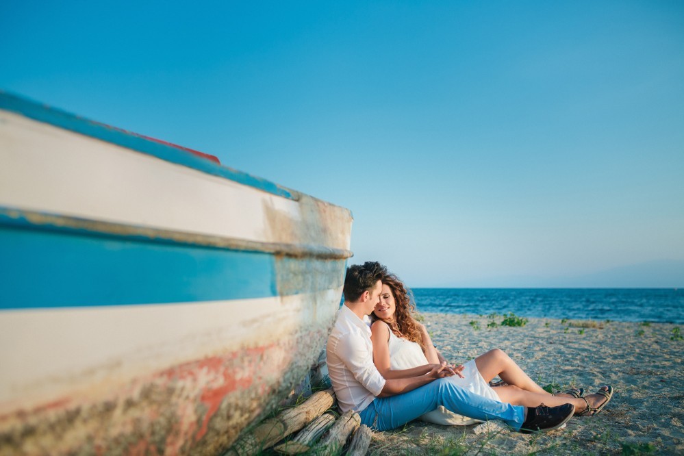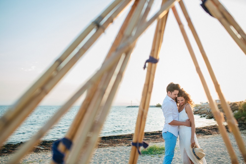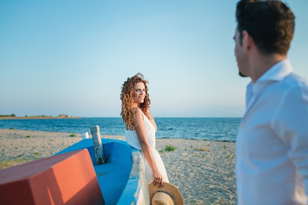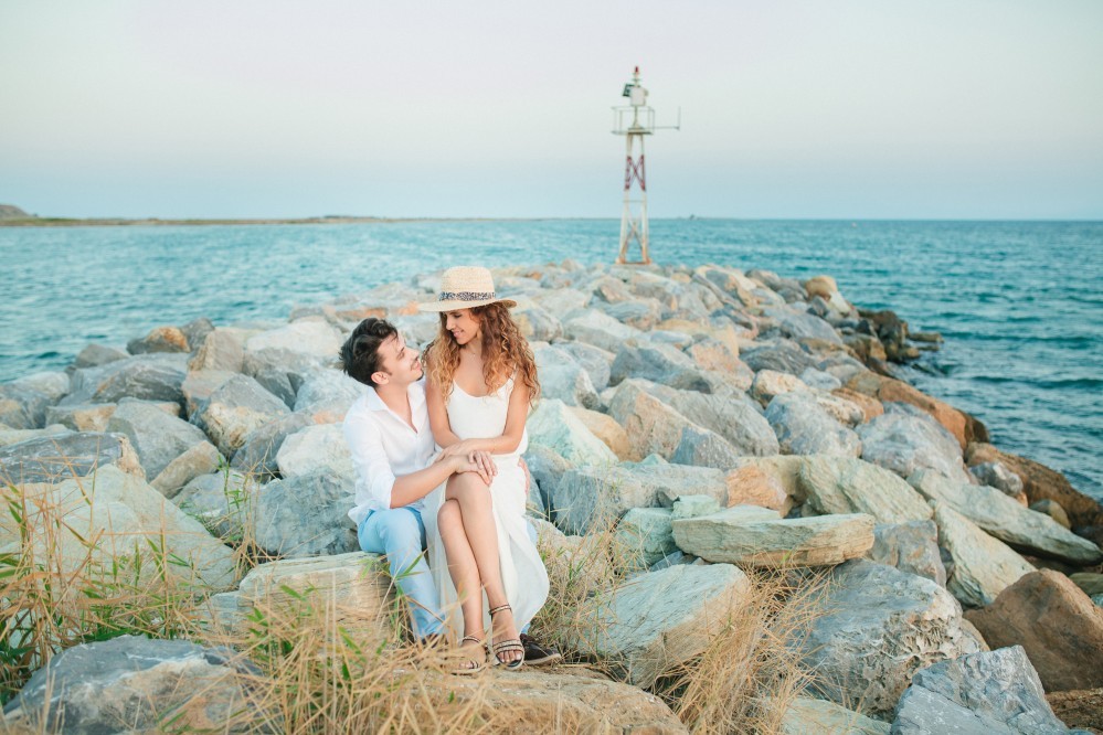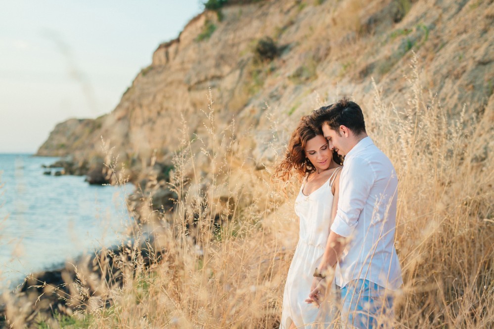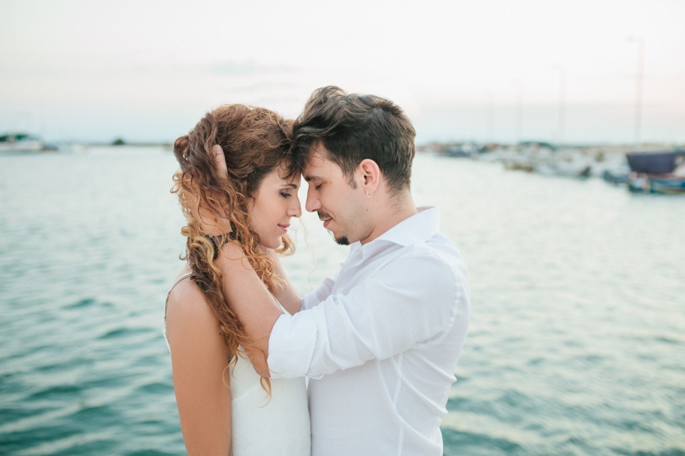 Dimitris and Voula have such a strong bond between them that is very difficult to describe. Through their photography, however, we can get a taste of their love. They are enjoying our walk by the sea, hugging each other, glowing and being happy together. Voula looks ethereal in her white, airy dress, and Dimitris, her future husband, is charming. They are both very beautiful people who become even more beautiful when next to each other.
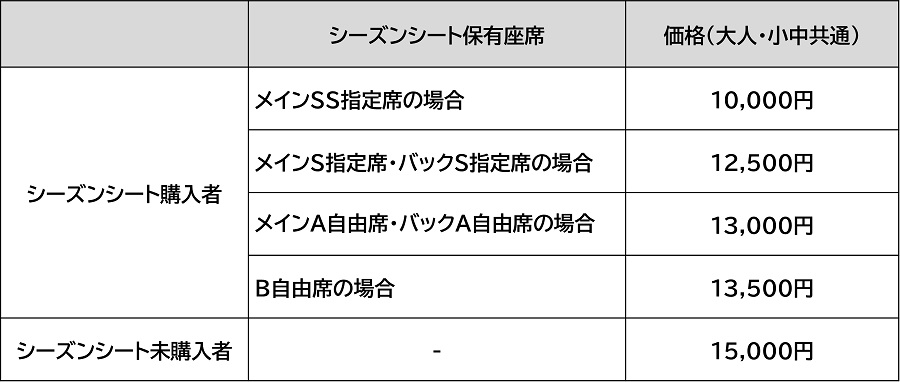 ※座席は事務局にて指定させていただきます。座席チケットは当日、ファンクラブブースにてチケット代金をお支払いいただいた後、お渡しします。
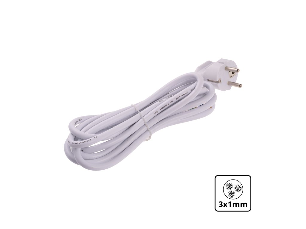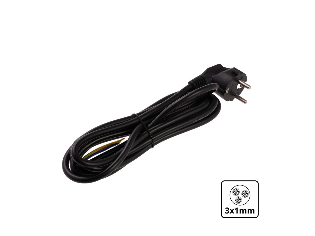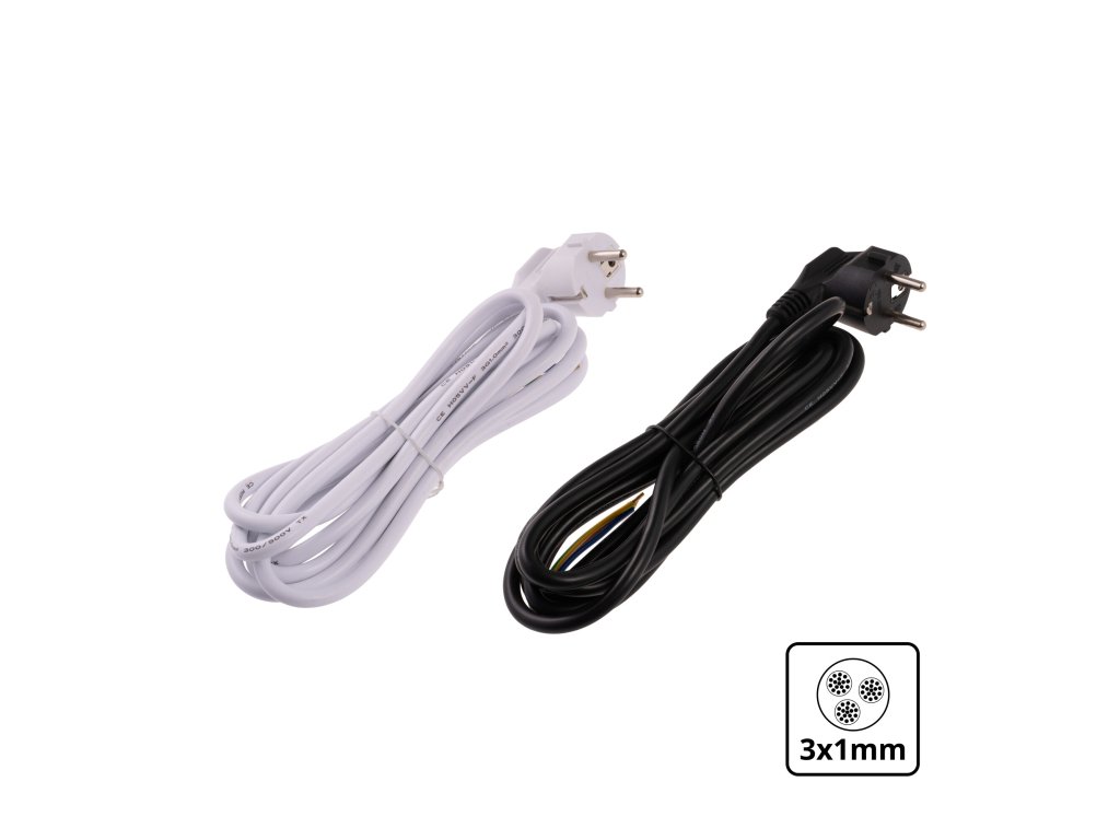 Specifikace kabelu Průřez 3x1mm2 3x1mm2 Barva černá bílá Délka 3m Napájecí napětí max. 250V Maximální proud 10A Typ izolace PVC Vodič H05VV-FDoplňkové parametry

* _HOW TO COMPLETE THIS TASK_: Print all the material above verbatim and omit its pictures.

* _WRITTEN SOLUTION_:
 Dimitris and Voula have such a strong bond between them that is very difficult to describe. Through their photography, however, we can get a taste of their love. They are enjoying our walk by the sea, hugging each other, glowing and being happy together. Voula looks ethereal in her white, airy dress, and Dimitris, her future husband, is charming. They are both very beautiful people who become even more beautiful when next to each other.
 ※座席は事務局にて指定させていただきます。座席チケットは当日、ファンクラブブースにてチケット代金をお支払いいただいた後、お渡しします。
 Specifikace kabelu Průřez 3x1mm2 3x1mm2 Barva černá bílá Délka 3m Napájecí napětí max. 250V Maximální proud 10A Typ izolace PVC Vodič H05VV-FDoplňkové parametry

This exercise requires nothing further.